For education, I don't have much to say about Burlington schools, but Boulder Valley SD is one of the top districts in the state. There are a number of public schools in Boulder at the elementary, middle, and high school levels that John Irwin award winners (top 8% of the state). Learning approaches vary from classic education (in 2nd grade you must learn this body of knowledge) to more of the Montessori approach. In my experience, college towns usually do at least an above average job of educating its youth.
Now we just need to hear from someone who lives there for the real scoop on Burlington. One final thought is that my hunch is that Burlington is not as fitness crazed as Boulder, but I challenge to find a place that is!
Interesting stuff. I didn't realize skiing/boarding was such a distance from Boulder.
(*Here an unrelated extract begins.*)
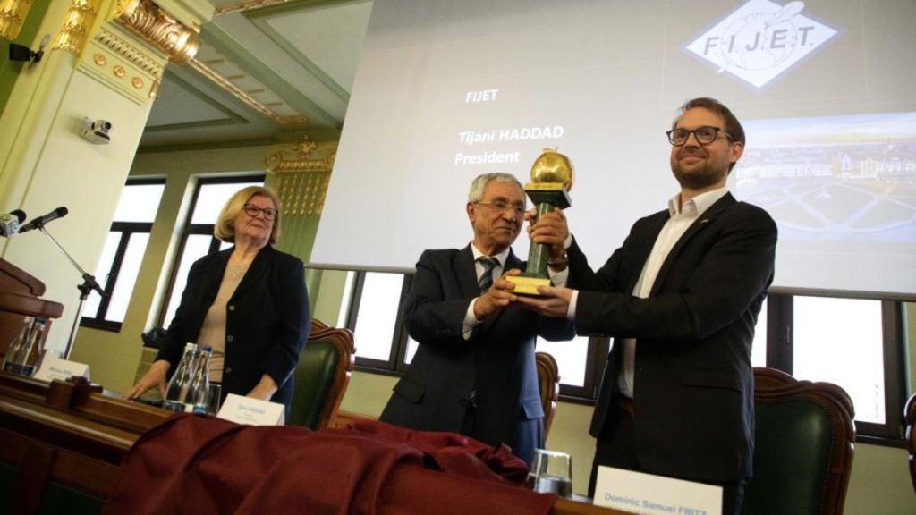 Federația Internațională a Jurnaliștilor și Scriitorilor de Turism, FIJET, a oferit, azi, trofeul „Mărul de Aur” orașului Timișoara, Capitală Europeană a Culturii 2023. La evenimentul găzduit de sediul Rectoratului Universității „Politehnica” – Palatul Lloyd au fost prezenți membrii Comitetului Executiv al FIJET, membri ai Clubului Presei de Turism – FIJET România, reprezentanți ai industriei turistice și ai mass-media locale, autorități locale precum și Dominic Fritz, primarul municipiului Timișoara.

How far would I have to go to get to some decent hiking?
We are leaning Boulder because of the more moderate weather and the fact that from Burlington, it will take DH a whole day to get to many destinations. (I quickly looked at how long it would take to get to MSP or DIA and both were about 8 hours. I'm sure points east would be shorter, but he travels all over the US.) As much as Burlington sounds like a great city, the travel time is very undesirable.
I know you didn't ask about this area, but we had similar constraints when making our decision and we also looked into SLC. The downtown areas of The Avenues and Sugar House are very progressive, and about 30% LDS. Park City is even lower LDS with a very progressive feel. These two places are in stark contrast to the rest of the state so it's certainly not the same as living in a state like CO, or like living in Boulder (as only *parts* of SLC are counter-culture to the rest of the place, not all of it). BTW, when I say "downtown" they are beautiful homes with a smallish lot (.25 usually), and a great community feel, less crowded than Boulder, etc. And literally half the price of Boulder, but again, it's not Boulder so if you're looking for a dominant liberal attitude throughout the city, then SLC as a whole probably isn't it.
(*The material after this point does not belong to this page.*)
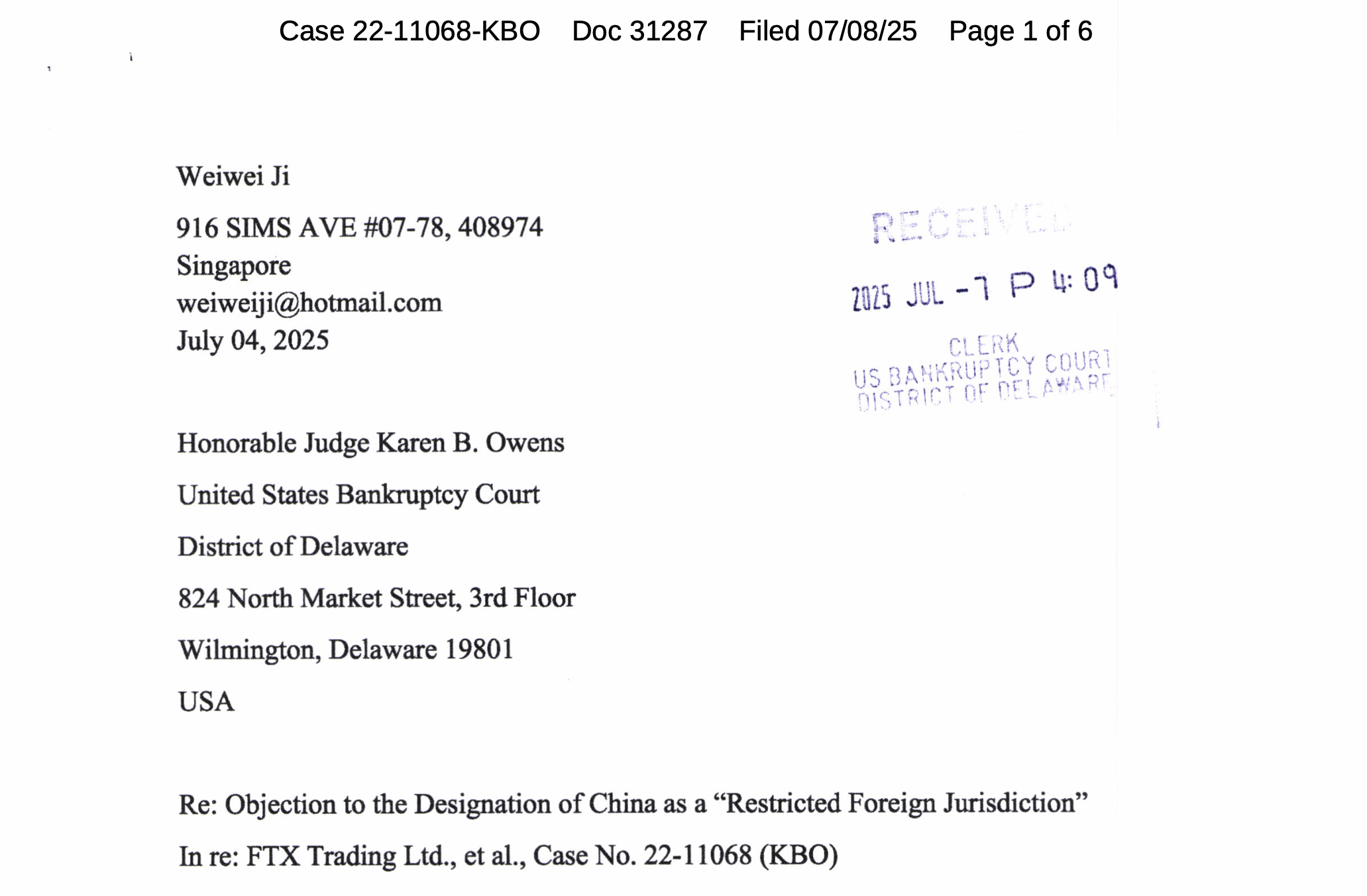 Китайский кредитор подал возражение против ходатайства от имущества FTX, которое приостановило бы выплаты жителям в юрисдикциях с законами или нормативными актами, ограничивающими операции с криптовалютой, согласно заявлению суда во вторник. Кредитор, Вейвей Джи, заявил, что, хотя они проживают в Сингапуре, они были классифицированы как китайский кредитор из -за проведения китайского паспорта. Джи отметил, что возражение было представлено от имени JI и растущей группы китайских кредиторов – по сообщениям, более 300 человек, согласно заявлению.

World class skiing is 15-20 min. away, hiking, mtn. biking, etc all right there. Big lakes nearby. Lots of hardcore and not so hardcore athletes (no on the scale of Boulder of course)
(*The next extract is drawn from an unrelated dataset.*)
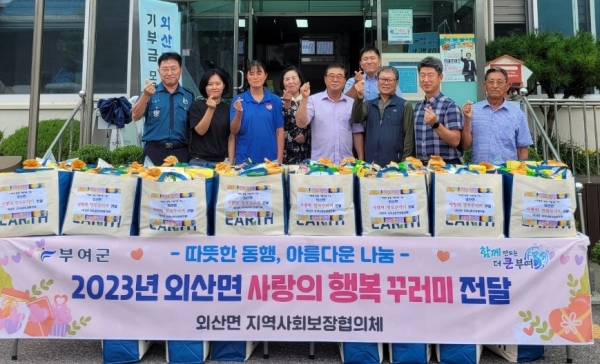 [충청뉴스큐] 부여 외산면 지역사회보장협의체는 지난 25일 관내 저소득 취약계층 30가구를 대상으로 ‘행복 꾸러미 전달 사업’을 실시했다.

SLC airport is a Delta hub, much more manageable to fly in and out of frequently than DIA. Also only a 15 min. drive from Avenues/Sugar House.
All that said, I'm not trying to sell you on SLC. There are certainly downsides which CO doesn't have! We know a number of people who have moved there though from San Fran. who love it there, so just throwing it out there! Boulder is also fantastic of course and of Boulder and Burlington, I would choose Boulder in a heartbeat b/c of winters and b/c of all the mosquitos, black fly, etc. in Burlington. I guess you're used to that in MN, but CO is SO pleasant that way with very few biting bugs, cool evenings, low humidity, etc.
F&T - thanks for your post. For fear of this getting off topic, I am going to IM you.